The US Chamber of Commerce urged the USCIS to use the Emergency Stopgap USCIS Stabilization Act, to expand premium processing to additional form types.
This legislation required USCIS to make premium processing options available for the following immigration benefit requests:
* Form I-129 for employment-based non-immigrant petitions and associated dependent applications;
* Form I-140 for employment-based immigrant petitions (EB-1, EB-2, and EB-3);
* Form I-539 applications to change or extend non-immigrant status, and;
* Form I-765 Employment Authorization Document (EAD) applications.
The organization mentioned in the letter that the USCIS could generate substantial revenue from its premium processing service, which allows for certain petitions to be processed within 15 calendar days for an additional filing fee .

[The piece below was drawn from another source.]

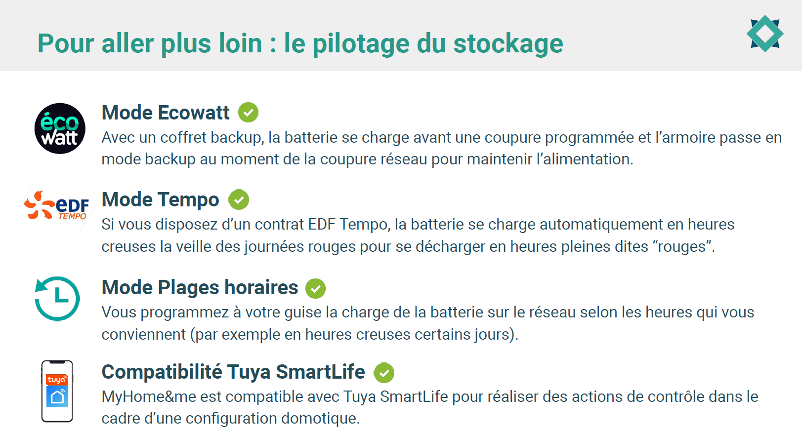 pour gérer les heures de stockage et prolonger le tarif heures creuses en dehors des périodes réglementées,

As of the end of its 2019 fiscal year, USCIS has raised $648 million in this regard and it is estimated that the USCIS could raise an additional $385–$626 million in annual revenues by expanding premium processing to the forms authorized for immediate eligibility by Congress.
“Suspending premium processing has the effect of diminishing overall agency revenue and injecting significant uncertainty into the workforce plans for companies across various industries,” chamber states.
Addressing a judicial decision which asks companies to file a new or amended H-1B petition (application) solely because the H-1B employee’s worksite will change, even if there is no change in the worker’s job/position and the employer has obtained a Labour Condition Application (LCA) for that additional worksite location, chamber states “Requiring companies to file amended H-1B petitions with USCIS in these instances has created significant paperwork burdens for companies, and it adds an unnecessary work stream for USCIS adjudicators.”
The Chamber also outlines other options that will mitigate the problem of delays in processing, such as:
* Expanding the availability of automatic extensions for employment authorization documents for various visa classifications, particularly for H-4, L-2, and E dependent non-immigrants, as no automatic extension is currently available for those individuals;
* Allowing employees to apply to renew their EADs more than 180 days in advance, which will give USCIS more time to adjudicate the request;
* Extending the duration of 240-day employment authorization extension for Form I- 129 extension of stay applicants to 1 year in duration, and;
* Reinstating prior policy flexibility with regard to when a putative employment-based immigrant must have an in-person interview before they can adjust status to that of a lawful permanent resident.